На площадке (пятачок, вынесенный над скалистым берегом Альфа, полукруглый, ярда в четыре в поперечнике) стоял кто-то из сержантов: Томасу даже показалось, что он помнит лицо, — но подошел, вгляделся пристальней («Сэр!» — рявкнул тот и вытянулся во фрунт)… нет, ложная память, откуда бы ему знать этого сержанта? Да и любого другого.
Он подошел к балюстраде, ухватился покрепче (камень, против ожидания, оказался неприятно теплым: словно спина зверя). Стоявшая над рекой здешняя луна — словно вытаращенный глаз покойника. И покойником становился под ее светом любой из живых. А может, подумал он, она лишь проявляет то, что мы скрываем сами от себя? Может, мы и вправду мертвы: восстали из гробов, которыми сделались наши чистенькие, уютные дома, высосали досуха свой мир и пришли умертвить этот? Много ли поэтов дал Озерный Колледж за последние десять лет? Да и вообще — с момента основания его Кольриджем? Не душеводов, а именно поэтов, тех, кто умел бы не складывать заученные — слово к слову — строки, а создавать новое, являть не ставшее из небыли?
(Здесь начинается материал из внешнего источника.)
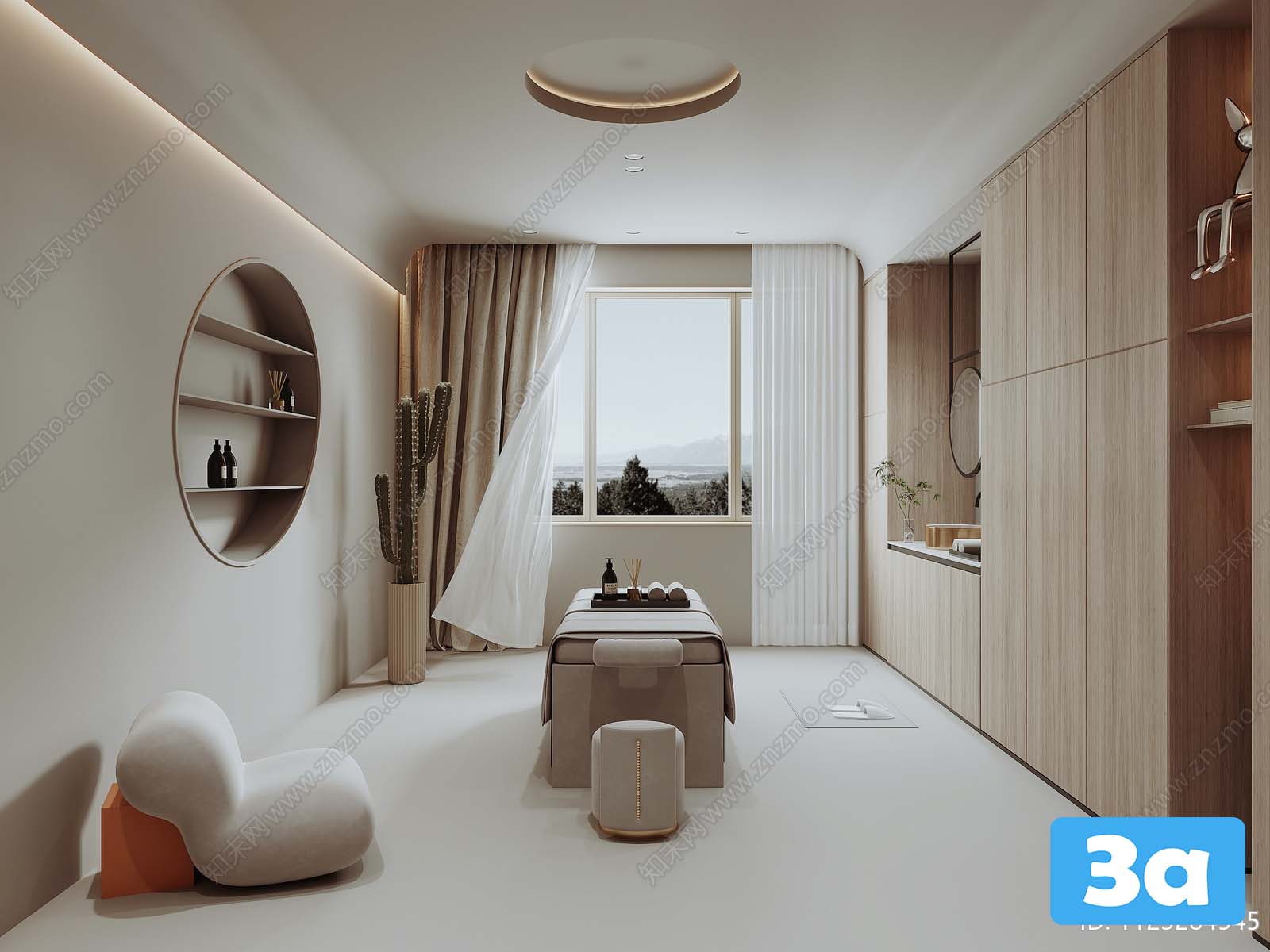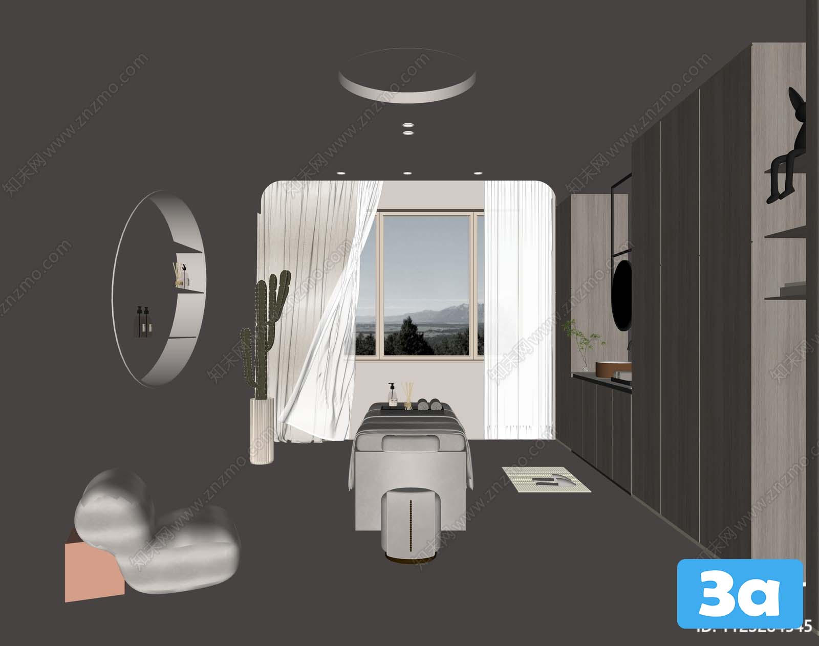 This 3D scene showcases a spa environment designed for relaxation and rejuvenation. The scene features intricate details and a serene setting, perfect for inspiring a sense of calm and tranquility. Explore the beauty of this visualization and immerse yourself in a world of relaxation.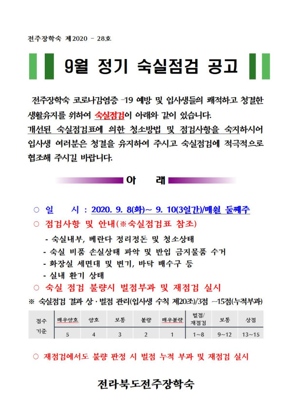 9월 정기 숙실 점검 및 안내 페이지 정보 작성자 학생지원팀 댓글 0건 조회 3,802회 작성일 20-09-03 07:50 본문 목록 이전글 2020년 하반기 통학버스 운행 시간표(9.7 ~9.11) 다음글 전주장학숙 통학버스 이용 안내문 댓글목록 댓글목록 등록된 댓글이 없습니다.

И сразу подумалось: а мои ли это мысли? Или наоборот: причина, что он об этом думает, в том, что через него думает другой? Бог, демон, сила сверхчеловеческая? Как отличить действие божества или демона, если в один момент ты — еще ты, а в следующий — уже другой человек? А то и не человек. И в чем тогда будет разница? И будет ли?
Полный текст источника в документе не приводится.